··· Extracted material
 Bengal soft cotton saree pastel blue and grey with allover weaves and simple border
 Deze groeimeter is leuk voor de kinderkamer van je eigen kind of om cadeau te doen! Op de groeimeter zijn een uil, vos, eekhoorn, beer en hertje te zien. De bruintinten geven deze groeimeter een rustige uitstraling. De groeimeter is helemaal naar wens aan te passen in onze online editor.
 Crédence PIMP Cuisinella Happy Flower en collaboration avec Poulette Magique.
······
··· Extracted material
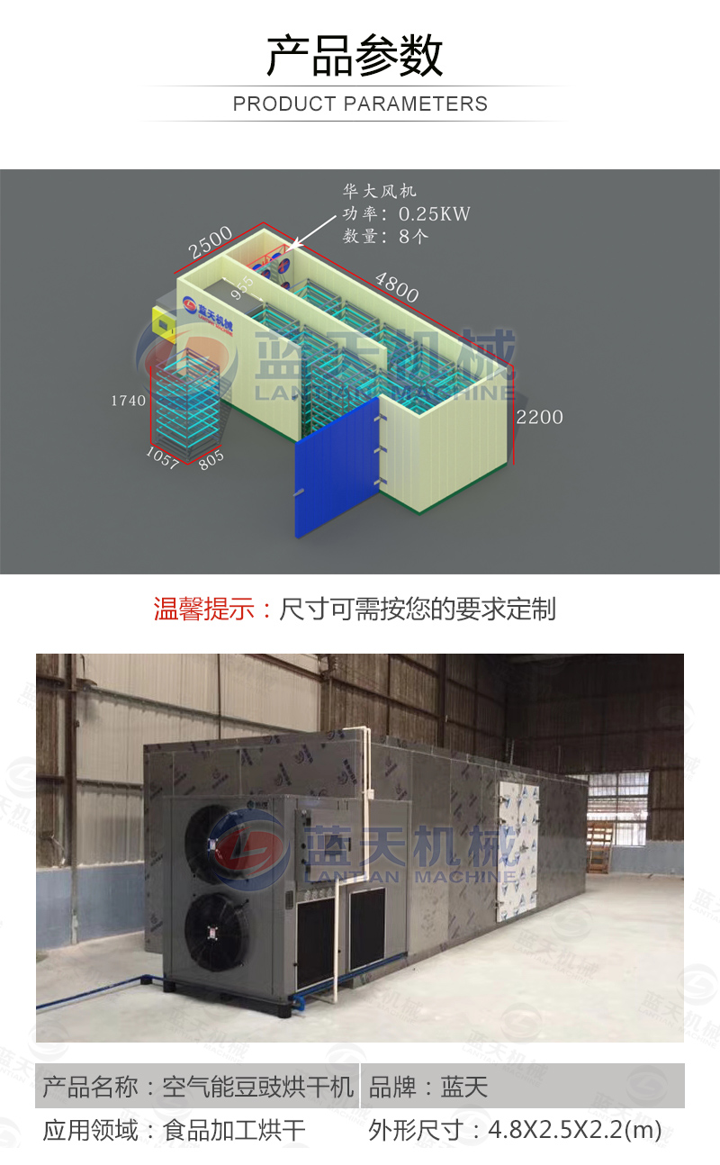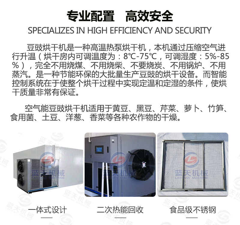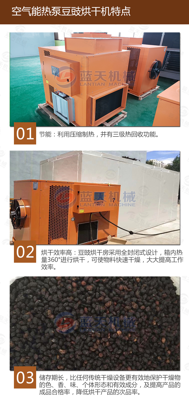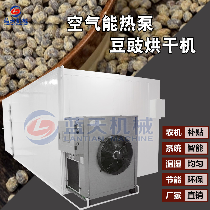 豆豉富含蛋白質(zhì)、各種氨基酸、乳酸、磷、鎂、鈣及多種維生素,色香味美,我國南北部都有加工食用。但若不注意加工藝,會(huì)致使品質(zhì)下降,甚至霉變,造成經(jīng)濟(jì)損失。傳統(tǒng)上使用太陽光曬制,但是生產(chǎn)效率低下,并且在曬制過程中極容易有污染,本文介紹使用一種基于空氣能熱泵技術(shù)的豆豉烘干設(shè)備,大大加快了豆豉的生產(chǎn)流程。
······
● **What is needed**
Would you please write out, exactly and with no other lines, the stretch of the listing above from the line containing "Bengal soft cotton" through the line containing "Crédence PIMP Cuisinella"?

● **Result below**
 Bengal soft cotton saree pastel blue and grey with allover weaves and simple border
 Deze groeimeter is leuk voor de kinderkamer van je eigen kind of om cadeau te doen! Op de groeimeter zijn een uil, vos, eekhoorn, beer en hertje te zien. De bruintinten geven deze groeimeter een rustige uitstraling. De groeimeter is helemaal naar wens aan te passen in onze online editor.
 Crédence PIMP Cuisinella Happy Flower en collaboration avec Poulette Magique.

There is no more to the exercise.